Your goal:
Could you retype, exactly and with no pictures, only the lines from the first line of the records below through the line that contains "Kolekcia Vienna – elegantný"?

─── Data records ───

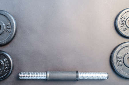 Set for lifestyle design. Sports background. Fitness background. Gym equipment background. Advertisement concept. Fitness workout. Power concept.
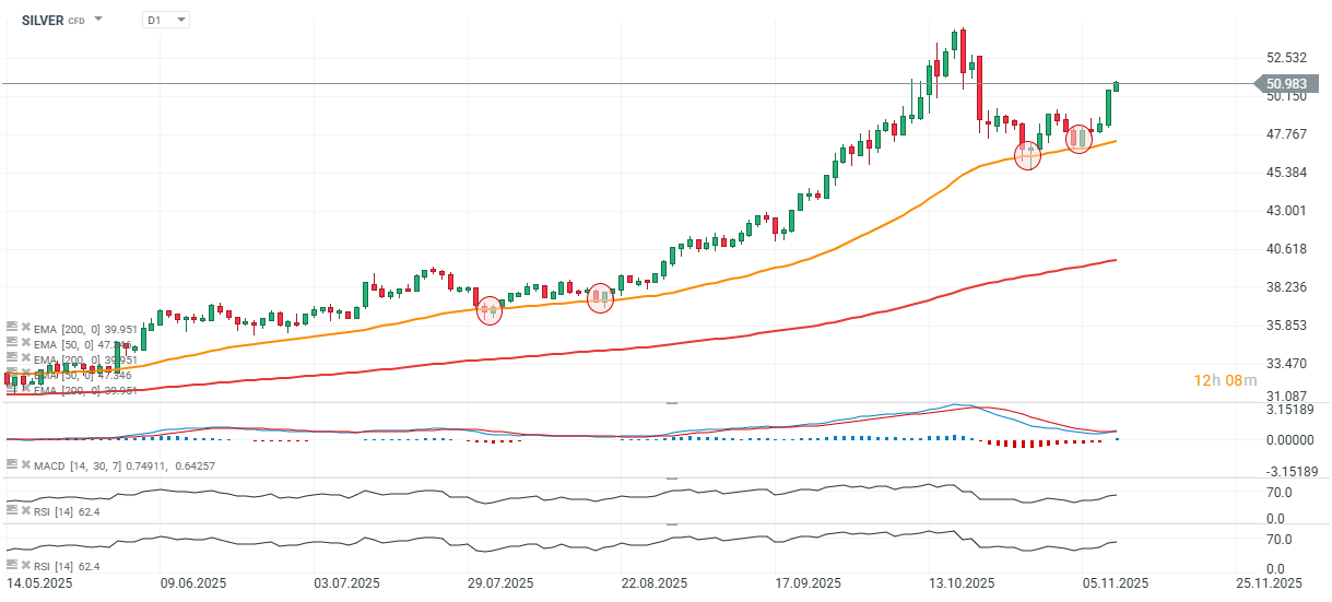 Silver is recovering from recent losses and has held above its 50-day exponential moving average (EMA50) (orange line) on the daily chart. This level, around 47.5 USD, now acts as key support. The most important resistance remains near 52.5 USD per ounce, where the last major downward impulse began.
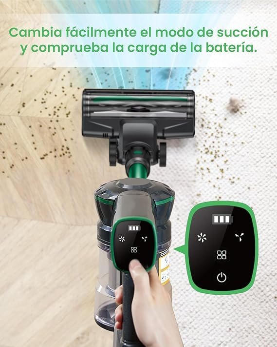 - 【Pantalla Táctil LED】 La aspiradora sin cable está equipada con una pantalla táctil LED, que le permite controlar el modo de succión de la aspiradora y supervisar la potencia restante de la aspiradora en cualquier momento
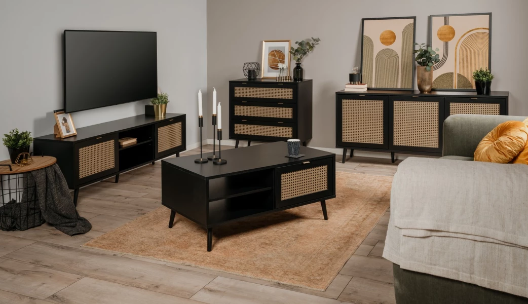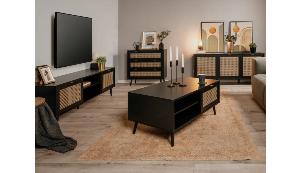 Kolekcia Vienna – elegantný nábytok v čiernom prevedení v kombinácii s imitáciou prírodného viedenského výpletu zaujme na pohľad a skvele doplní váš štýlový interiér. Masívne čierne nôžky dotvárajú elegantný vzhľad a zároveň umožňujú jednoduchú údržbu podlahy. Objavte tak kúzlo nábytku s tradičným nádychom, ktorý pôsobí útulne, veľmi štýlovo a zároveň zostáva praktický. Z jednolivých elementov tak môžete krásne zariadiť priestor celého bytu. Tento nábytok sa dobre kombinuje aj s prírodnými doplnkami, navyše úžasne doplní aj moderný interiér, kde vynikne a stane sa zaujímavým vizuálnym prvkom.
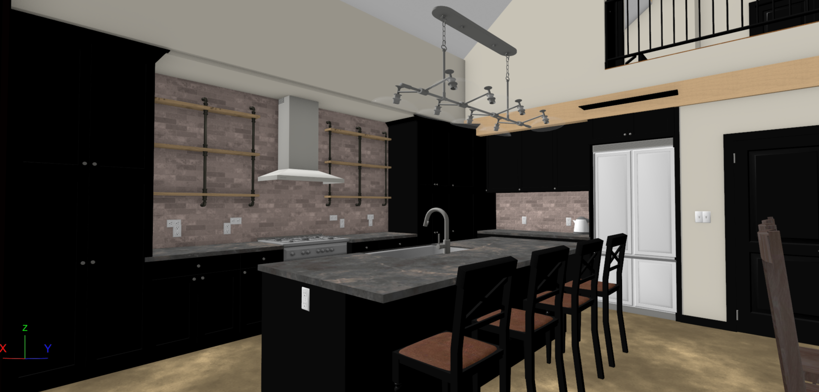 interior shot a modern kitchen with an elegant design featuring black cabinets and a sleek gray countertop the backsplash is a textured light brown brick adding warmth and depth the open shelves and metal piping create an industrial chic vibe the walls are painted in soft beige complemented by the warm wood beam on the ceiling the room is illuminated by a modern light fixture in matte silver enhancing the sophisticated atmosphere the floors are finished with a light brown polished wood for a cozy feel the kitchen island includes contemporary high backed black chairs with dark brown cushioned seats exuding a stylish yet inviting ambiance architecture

───

Solution below:
 Set for lifestyle design. Sports background. Fitness background. Gym equipment background. Advertisement concept. Fitness workout. Power concept.
 Silver is recovering from recent losses and has held above its 50-day exponential moving average (EMA50) (orange line) on the daily chart. This level, around 47.5 USD, now acts as key support. The most important resistance remains near 52.5 USD per ounce, where the last major downward impulse began.
 - 【Pantalla Táctil LED】 La aspiradora sin cable está equipada con una pantalla táctil LED, que le permite controlar el modo de succión de la aspiradora y supervisar la potencia restante de la aspiradora en cualquier momento
 Kolekcia Vienna – elegantný nábytok v čiernom prevedení v kombinácii s imitáciou prírodného viedenského výpletu zaujme na pohľad a skvele doplní váš štýlový interiér. Masívne čierne nôžky dotvárajú elegantný vzhľad a zároveň umožňujú jednoduchú údržbu podlahy. Objavte tak kúzlo nábytku s tradičným nádychom, ktorý pôsobí útulne, veľmi štýlovo a zároveň zostáva praktický. Z jednolivých elementov tak môžete krásne zariadiť priestor celého bytu. Tento nábytok sa dobre kombinuje aj s prírodnými doplnkami, navyše úžasne doplní aj moderný interiér, kde vynikne a stane sa zaujímavým vizuálnym prvkom.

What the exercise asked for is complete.